If there's an overcharge, like we think there is," said George W. Bush, "we expect that money to be repaid." And so the President added his voice last week to a growing chorus taking aim at Halliburton, the energy-and-construction conglomerate once headed by Vice President Dick Cheney, which has been accused by Pentagon auditors of overcharging taxpayers as much as $61 million for oil it delivered in Iraq.

But how culpable is the company? The Defense Department doesn't claim that Halliburton pocketed the money itself. Instead, auditors say Halliburton overpaid a Kuwaiti subcontractor for the oil.
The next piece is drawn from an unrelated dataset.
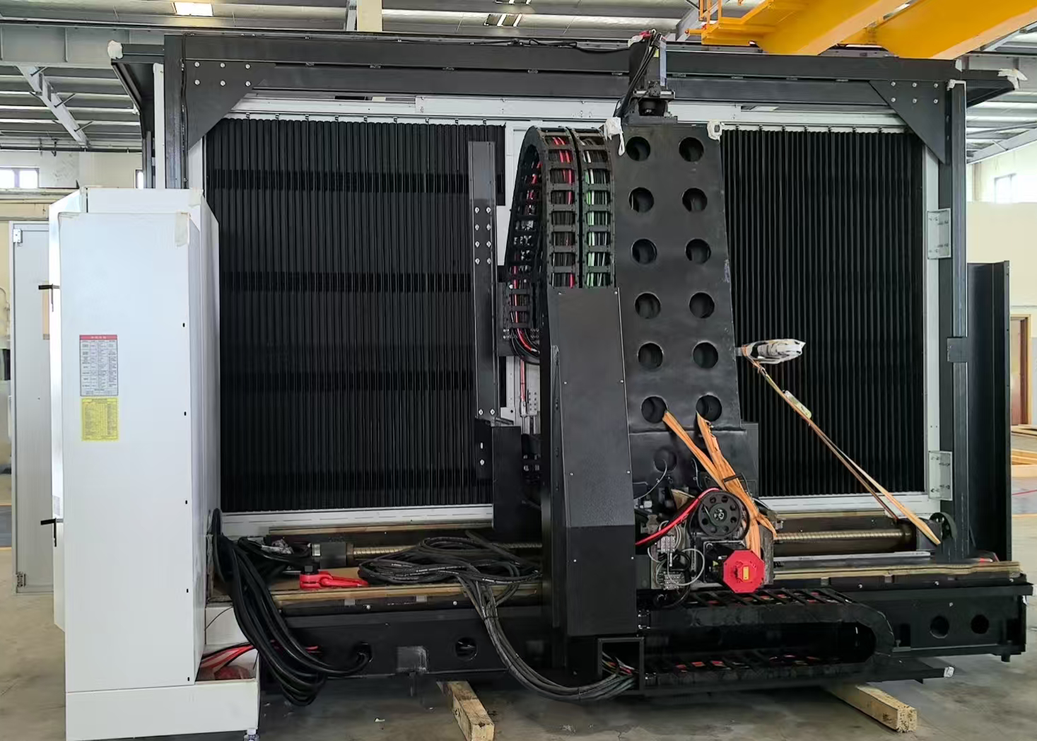 The FK series incorporates the rich experience accumulated over many years of production practice by HYPER. It adopts modern design concepts and advanced computing systems, and has precisely optimized every detail. Its core advantage lies in the high rigidity structure design. Through high-speed operation and high acceleration, it significantly shortens the working cycle while ensuring the Y-axis motion accuracy. The X-axis offers four travel specifications of 1600/2700/3200/4000 millimeters, combined with an 800-millimeter Y-axis travel, making this model highly competitive in the machine tool market. The main body of the machine tool is made of high-grade cast iron with an enhanced frame structure. The optimized layout of the reinforcing ribs through finite element analysis effectively disperses stress, and in combination with the pre-elimination of internal stress process, it ensures long-term processing accuracy and stability. The column and slide adopt a three-axis roller guide rail system. The high-rigidity column design not only ensures the stability of the spindle but also provides reliable support for the tool magazine system, and no complex foundation treatment is required.

Auditors noted that oil shipped from Turkey cost about $1.18 per gallon, whereas Halliburton's Kuwaiti oil ran $2.27 per gallon. Halliburton, which received $5 billion in federal contracts in Iraq, has launched a vigorous defense. It contends the subcontractor was paid appropriately and claims that the $61 million can be explained by the military's many restrictions—for instance, requiring that the oil be bought only on expensive short-term contracts—and by the hazardous conditions. Halliburton says 20 fuel trucks have been stolen or damaged and one of its drivers has been killed. The Army Corps of Engineers, which hired Halliburton, says it has been happy with the company's work so far. Indeed, Halliburton may have been more hapless than wily. A senior Pentagon official called the overcharge "pretty stupid" and blamed it on miscommunication between Halliburton employees in Iraq and those at the company's Houston headquarters.

Meanwhile, the company's problems aren't limited to the contract brouhaha. Last week plaintiffs who claim they were injured by asbestos while working for a company later acquired by Halliburton approved a $2.7 billion settlement. To help pay for the deal, several subsidiaries of Kellogg, Brown & Root, the Halliburton company that made the Iraqi oil contract, will declare bankruptcy.